When to Invest in Experimental Structure
There's a practical break-even point. For hit-to-lead optimization of a single CDR loop with a short H3 and a known antigen structure, computational scanning from predicted models gives sufficient signal to run a focused experimental round. But once a program is at lead optimization stage, has 3–5 candidates being compared on multiple criteria, and needs to understand epitope contacts precisely enough to differentiate selectivity profiles, a co-crystal or cryo-EM structure becomes worth the investment. Computational methods from predicted structures can carry you through early-stage design decisions; they're not a permanent substitute for experimental structural biology.
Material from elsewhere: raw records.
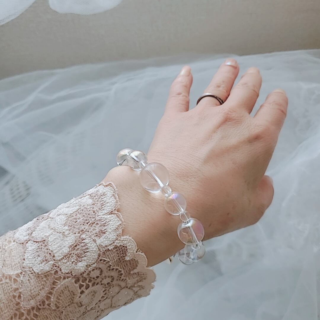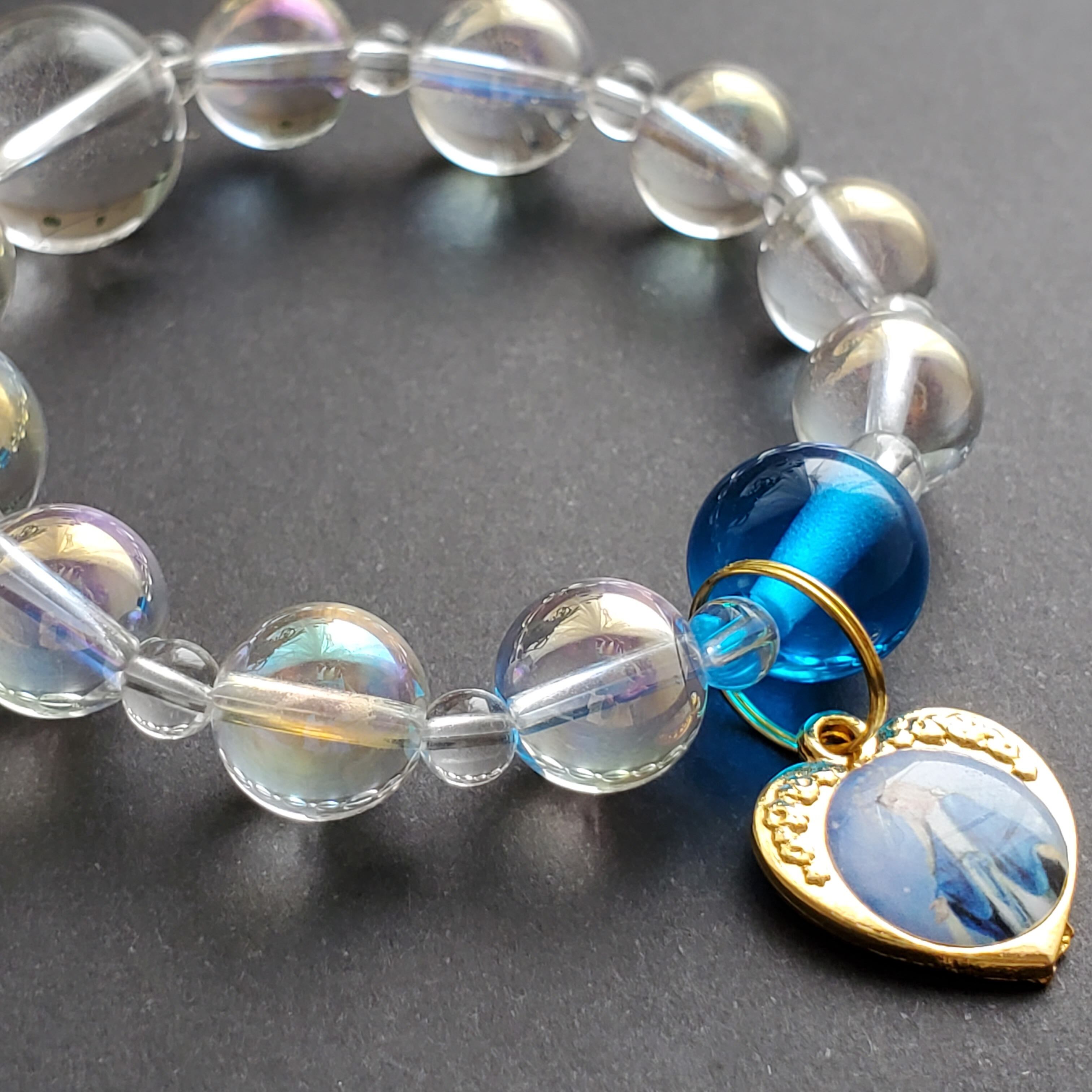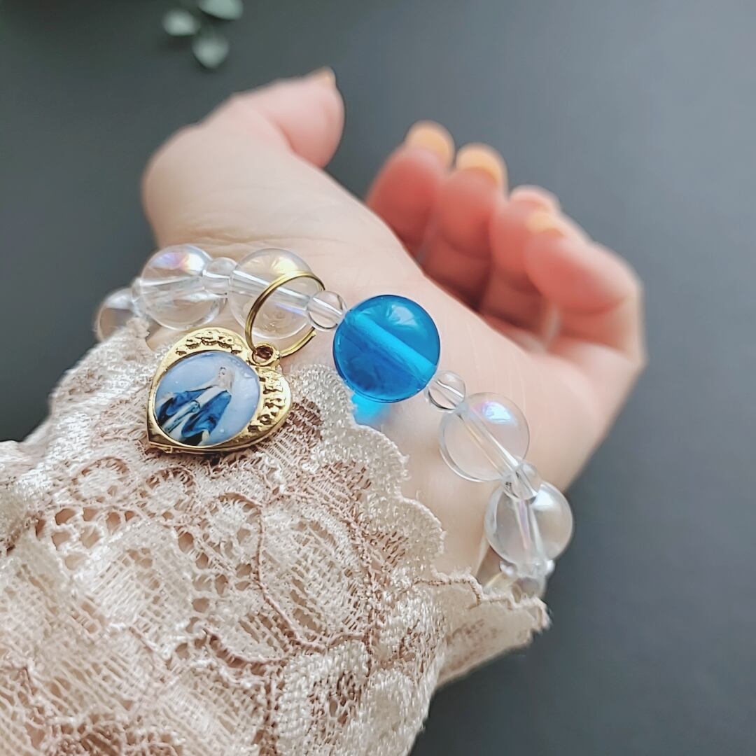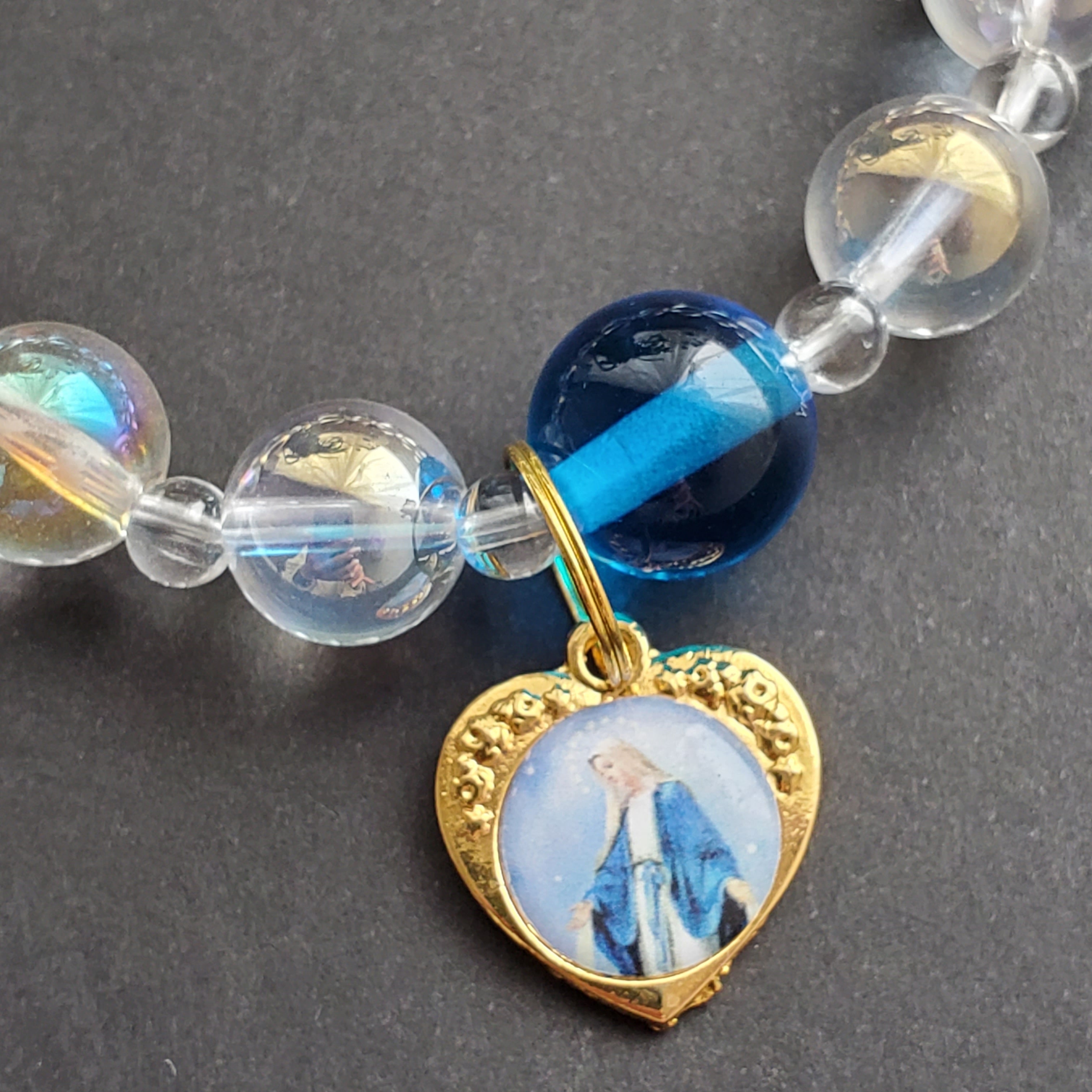 珍しいハート型のマリア様メダイが、愛の守護をそっと添えて。エンジェルオーラクリスタルが虹色の光をブレスに纏わせ、天使のような輝きを生み出します。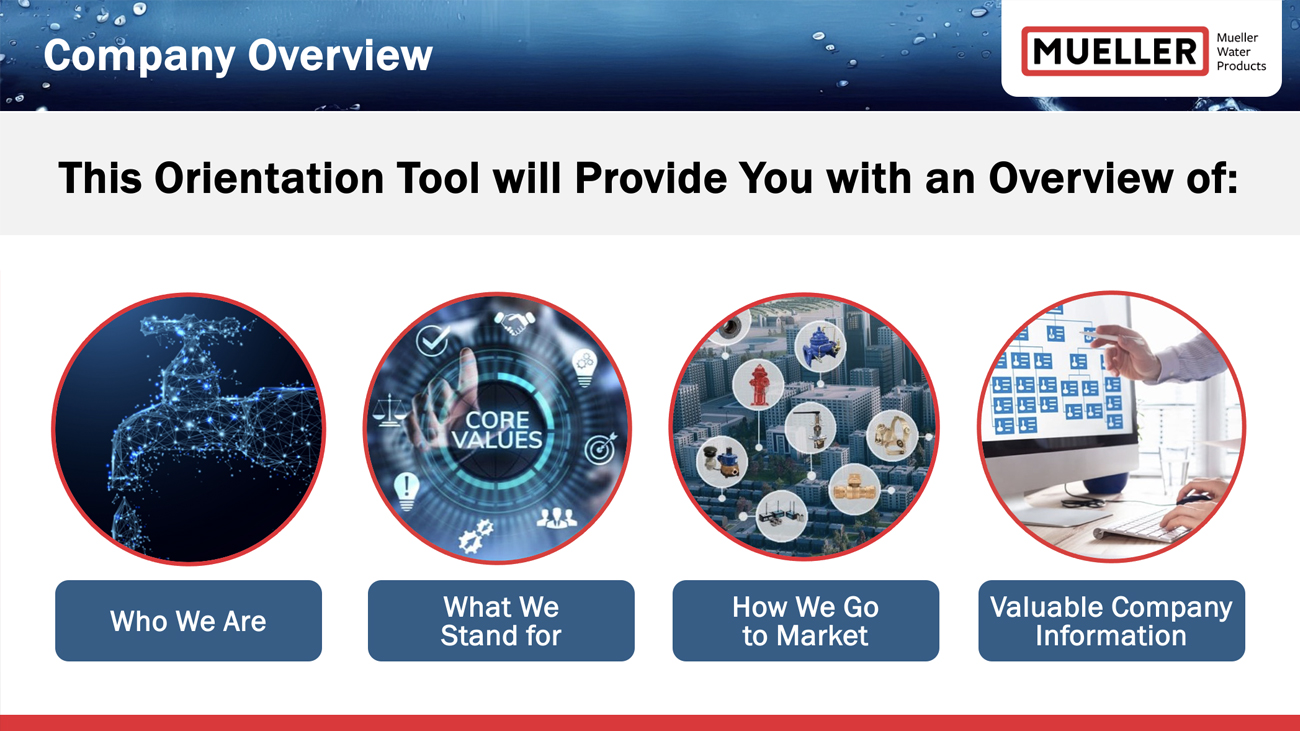 Mueller Water Products hired us to design and develop presentations and videos to be used in training their new employees. We developed all of the content from the outline to the final products for the presentations and videos. We also did all the scriptwriting, narration recording, and editing for all the videos.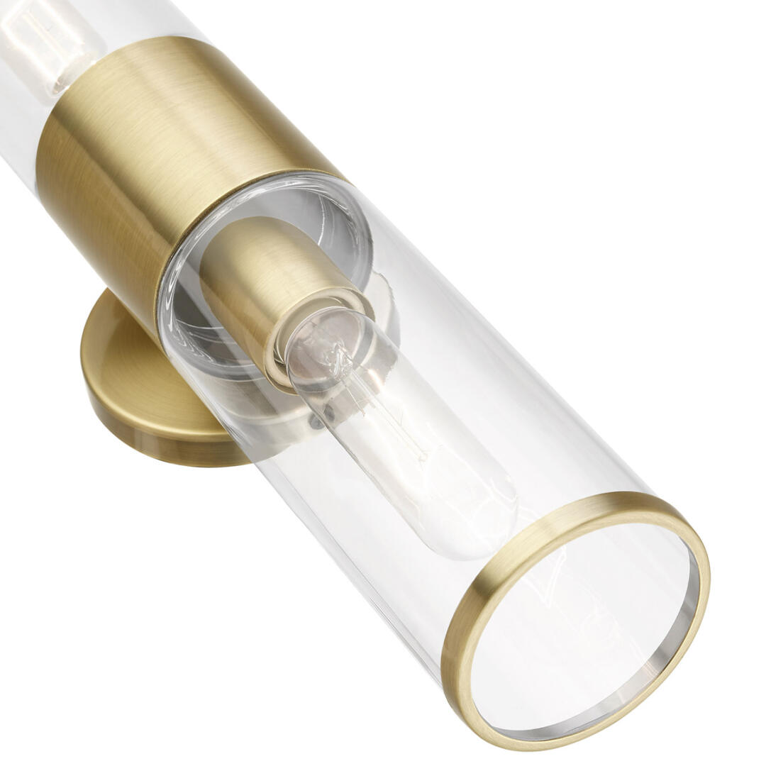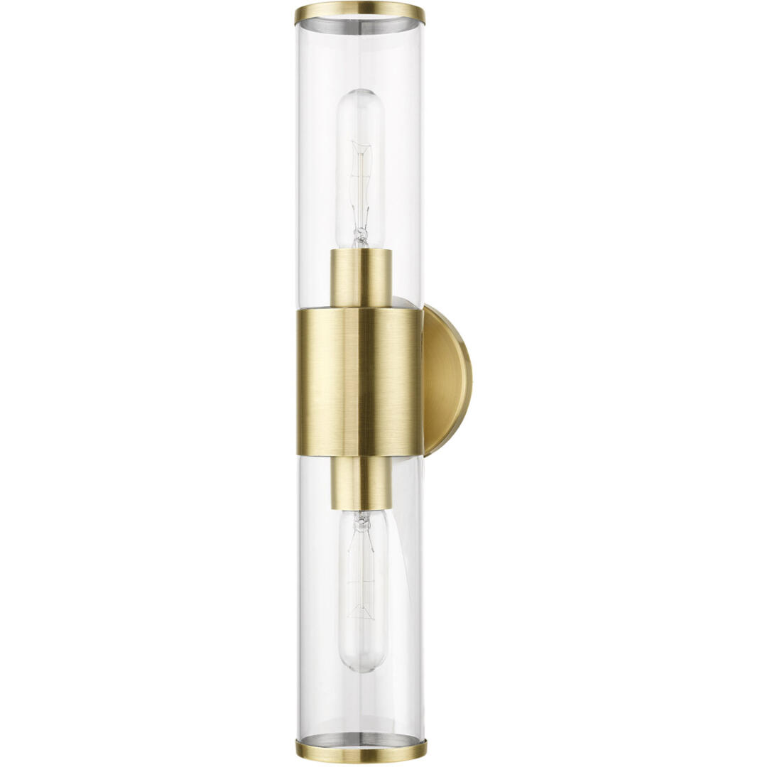 Add a dash of character and radiance to your home with this wall sconce. This double-light fixture from the Banca Collection features an antique brass finish with clear hand blown glass intentionally exposing the bulb inside for a trendy look. The clean lines of the back plate complement the cylindrical glass shade adorned with detailed trim on top creating an industrial, sleek, urban look that works well in most of today’s interiors. This fixture adds upscale charm and contemporary aesthetics to your home.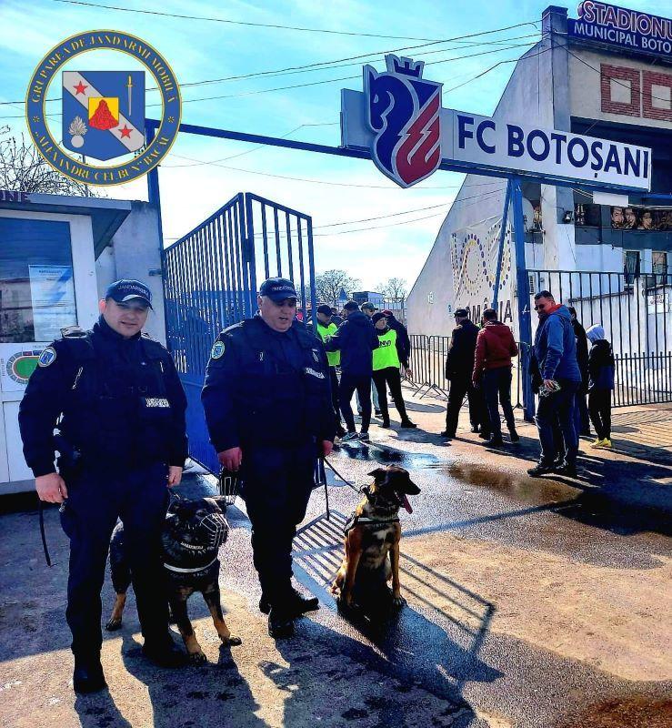 Gruparea de Jandarmi Mobilă "Alexandru cel Bun" Bacău, împreună cu jandarmi din Inspectoratul Județean Botoșani, polițiști și pompieri botoșăneni, va asigura măsurile de ordine și siguranță publică în municipiul Botoșani, la meciul de fotbal dintre echipele F.C. Botoșani și Universitatea Cluj, partidă ce se va disputa sâmbătă, 6 mai, pe stadionul municipal din localitate, cu începere de la ora 12.30. Accesul publicului pe stadion se va face începând cu ora 10.30.
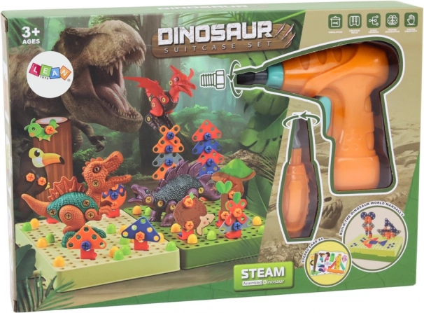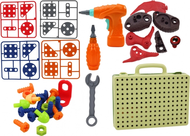 Kinderen schroeven en draaien de afzonderlijke dinosaurusdelen los met een veilige, gemakkelijk te bedienen boormachine en gereedschap – ideaal voor de ontwikkeling van de fijne motoriek.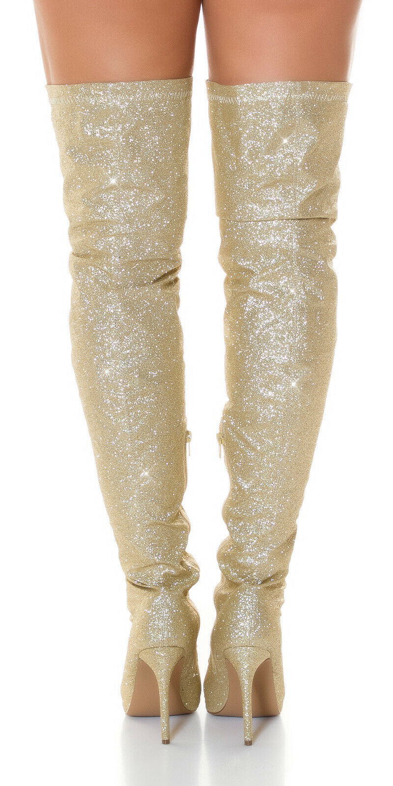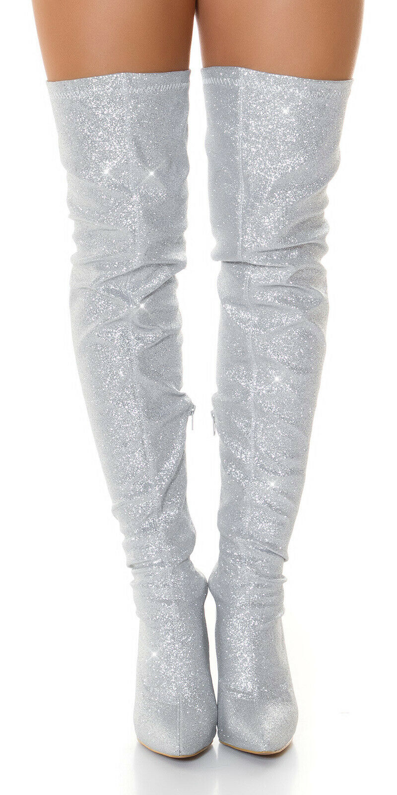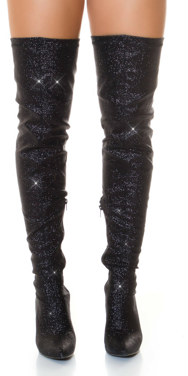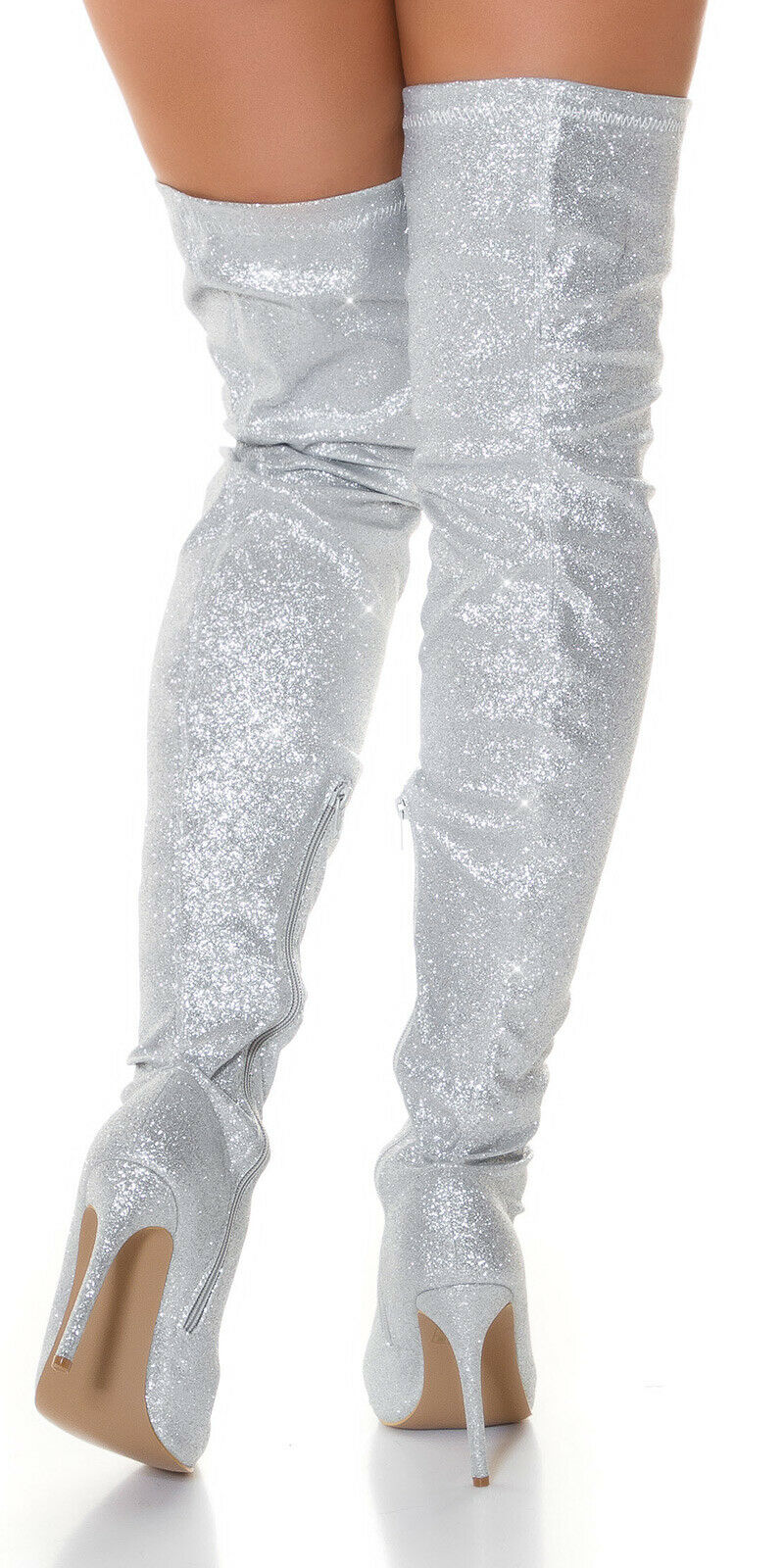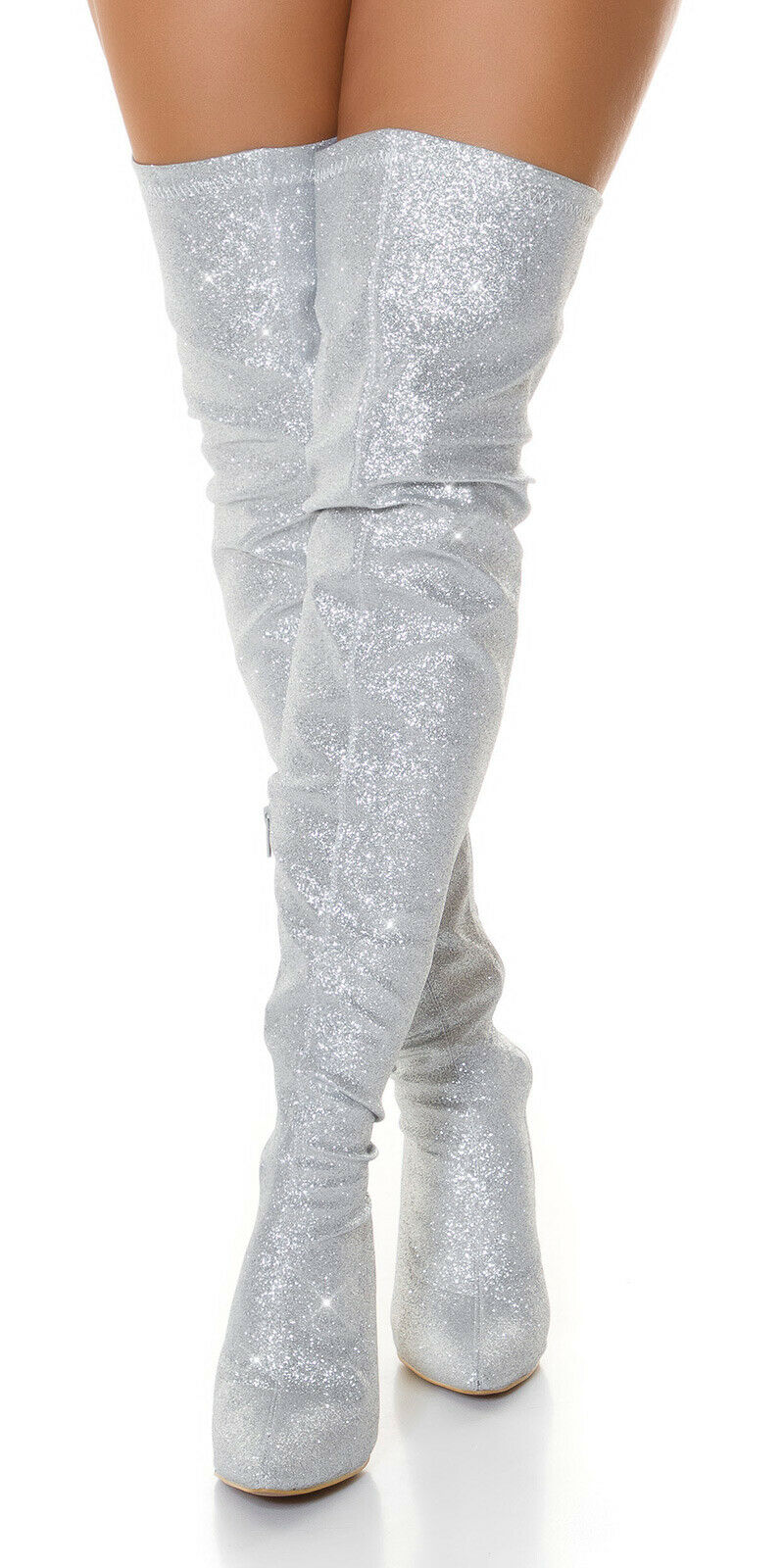 Stivali donna glitterati cuissard tacco a spillo party sera festa

We're not suggesting programs skip structural biology. We're saying the decision of when to invest in experimental structure should be driven by the specific information need at each stage, not by a reflexive assumption that computation is useless without crystal data. For a significant fraction of early design decisions, the predicted structure is good enough to generate a useful synthesis list — and that's the claim we're making, precisely.